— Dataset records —
----------

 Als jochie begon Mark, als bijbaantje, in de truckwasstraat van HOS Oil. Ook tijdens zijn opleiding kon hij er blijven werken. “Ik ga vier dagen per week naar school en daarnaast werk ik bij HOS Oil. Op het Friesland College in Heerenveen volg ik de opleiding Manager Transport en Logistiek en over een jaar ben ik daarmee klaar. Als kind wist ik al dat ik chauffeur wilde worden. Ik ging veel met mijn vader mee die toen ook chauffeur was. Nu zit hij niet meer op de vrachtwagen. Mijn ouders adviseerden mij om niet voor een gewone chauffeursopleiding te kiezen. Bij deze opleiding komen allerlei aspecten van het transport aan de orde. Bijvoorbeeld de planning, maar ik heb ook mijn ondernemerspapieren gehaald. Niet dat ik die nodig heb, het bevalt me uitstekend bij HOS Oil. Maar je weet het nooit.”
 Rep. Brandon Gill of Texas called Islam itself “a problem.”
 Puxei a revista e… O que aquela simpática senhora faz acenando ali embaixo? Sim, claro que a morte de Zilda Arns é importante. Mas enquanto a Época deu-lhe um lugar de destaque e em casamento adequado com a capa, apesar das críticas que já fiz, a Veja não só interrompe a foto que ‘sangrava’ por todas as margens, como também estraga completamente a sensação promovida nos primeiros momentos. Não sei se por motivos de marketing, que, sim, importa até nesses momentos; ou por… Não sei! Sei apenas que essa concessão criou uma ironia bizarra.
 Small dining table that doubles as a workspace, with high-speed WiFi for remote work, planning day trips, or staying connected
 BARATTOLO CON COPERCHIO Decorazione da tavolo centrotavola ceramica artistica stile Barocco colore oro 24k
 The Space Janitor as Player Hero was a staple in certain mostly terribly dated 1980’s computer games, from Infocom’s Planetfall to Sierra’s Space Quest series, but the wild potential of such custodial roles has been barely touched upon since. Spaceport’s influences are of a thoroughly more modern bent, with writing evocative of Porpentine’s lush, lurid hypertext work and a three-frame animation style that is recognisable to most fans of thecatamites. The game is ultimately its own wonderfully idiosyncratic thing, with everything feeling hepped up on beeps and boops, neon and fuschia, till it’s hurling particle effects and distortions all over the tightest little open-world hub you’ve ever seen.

----------

Reproduce exactly the lines from the one with "BARATTOLO CON COPERCHIO" through the end of the entries above, both ends included.

 BARATTOLO CON COPERCHIO Decorazione da tavolo centrotavola ceramica artistica stile Barocco colore oro 24k
 The Space Janitor as Player Hero was a staple in certain mostly terribly dated 1980’s computer games, from Infocom’s Planetfall to Sierra’s Space Quest series, but the wild potential of such custodial roles has been barely touched upon since. Spaceport’s influences are of a thoroughly more modern bent, with writing evocative of Porpentine’s lush, lurid hypertext work and a three-frame animation style that is recognisable to most fans of thecatamites. The game is ultimately its own wonderfully idiosyncratic thing, with everything feeling hepped up on beeps and boops, neon and fuschia, till it’s hurling particle effects and distortions all over the tightest little open-world hub you’ve ever seen.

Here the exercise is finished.